Иона присел на паперти католической церкви рядом со стариком нищим и спросил:
— Разве люди еще верят в бога?
— Убирайся отсюда, пьянчуга! — прошипел нищий, небритый, в драной шинели. Он сидел, вытянув вперед ноги в белых шерстяных носках. Старые тусклые калоши стояли рядом, охраняемые суковатой палкой.

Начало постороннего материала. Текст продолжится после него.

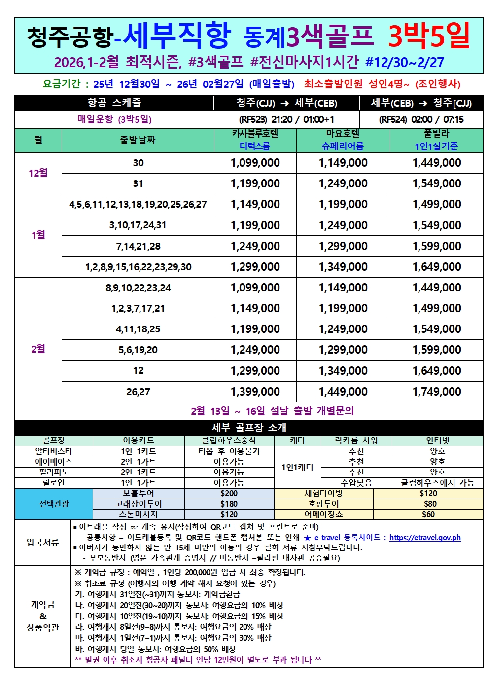 청주공항 아름다운 휴양힐링 천국 세부 명품 3색 럭셔리 가성비 최상급 보장 골프 2026년 1-2월도 최적시즌 라운드 진행
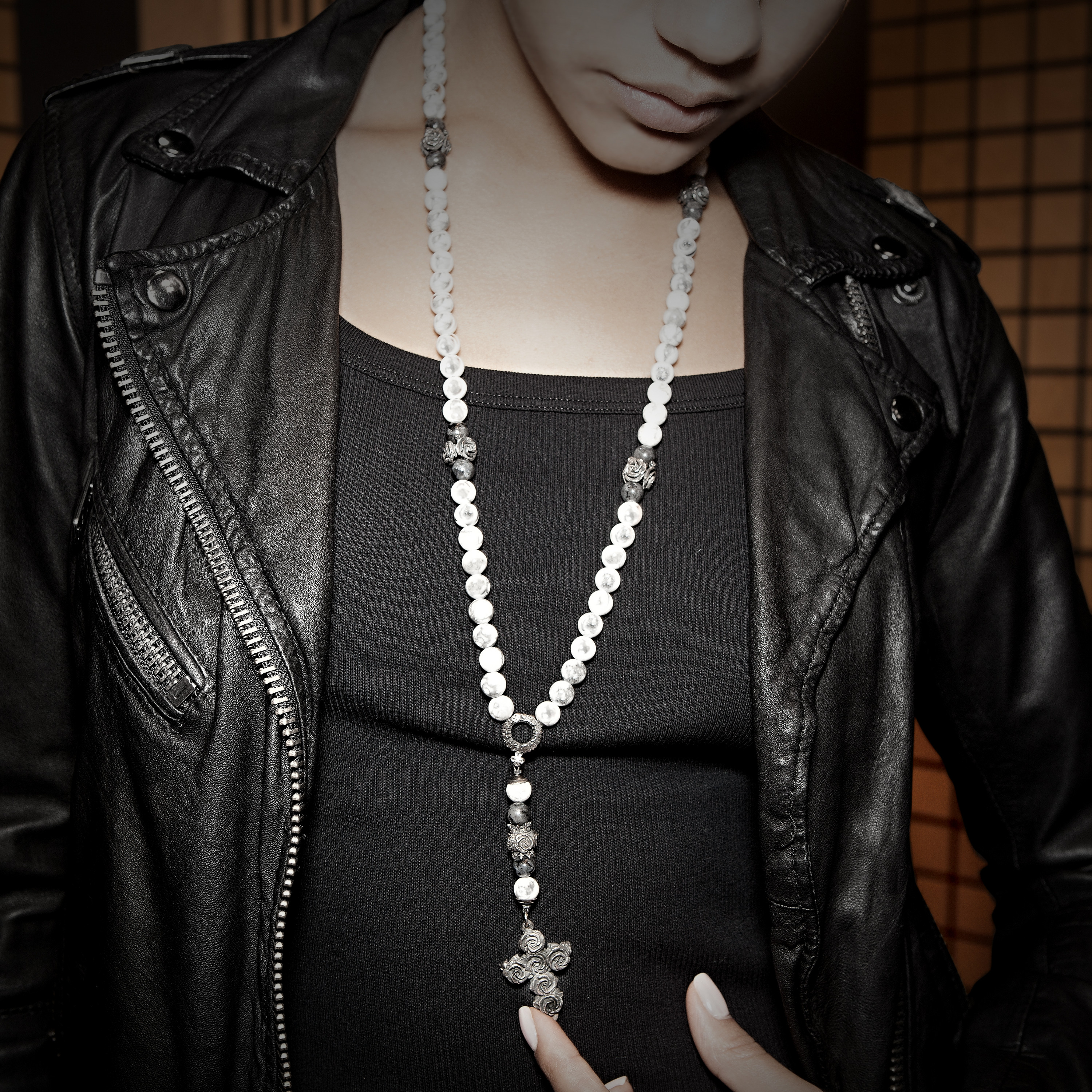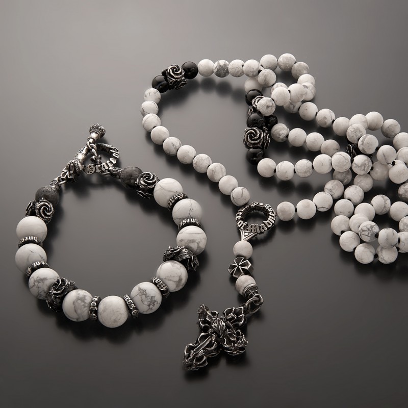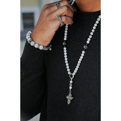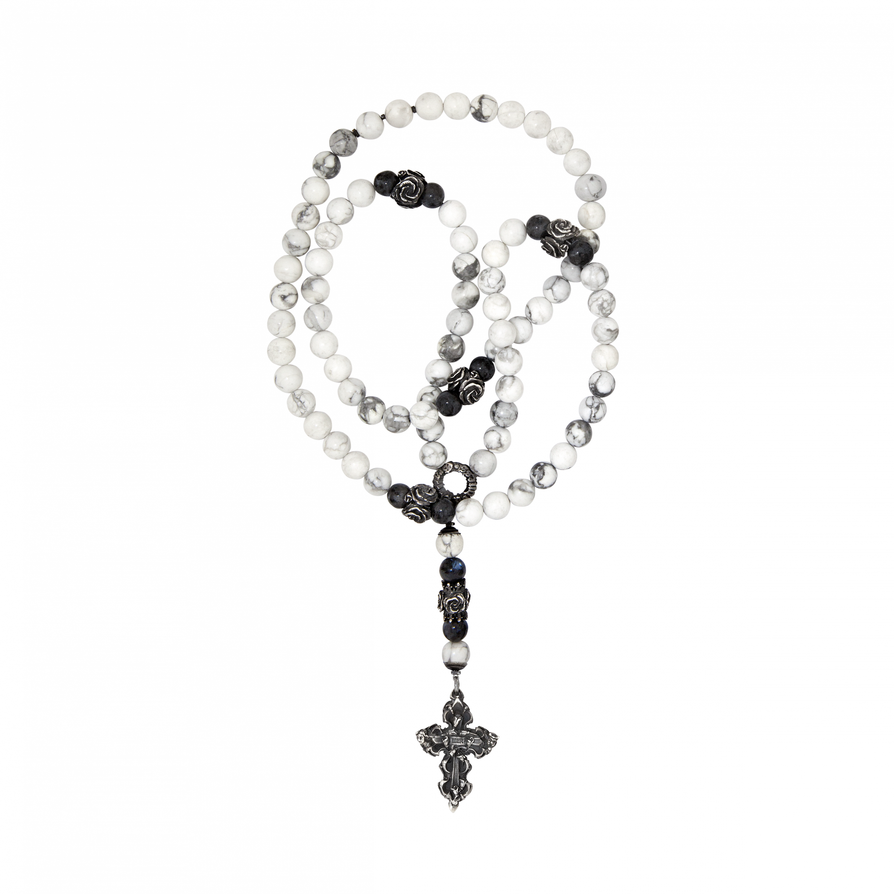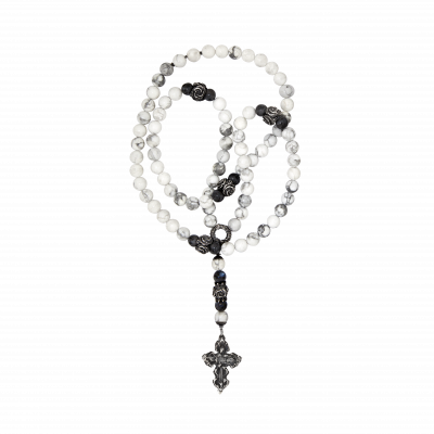 Бидсы (розарий) из черененого серебра и кахолонга,

— У тебя есть сын? — не отставал Иона.
В школу идти не хотелось.
— Был.
— Ну и как?
— Что — как?
— Любил он тебя?
— Любил.
— За что?
— За что любил?
— Да. За что любил?
— А за то, что я его отец.
— Ну и что с того?
— Как это: что с того?
— Ты и тогда побирался?
— Я всю свою жизнь побираюсь.
— А где теперь твой сын?
— Помер.
— Отчего?
— Убирайся, пока я тебя палкой не огрел!
Иона встал:
— Что с тобой, человече?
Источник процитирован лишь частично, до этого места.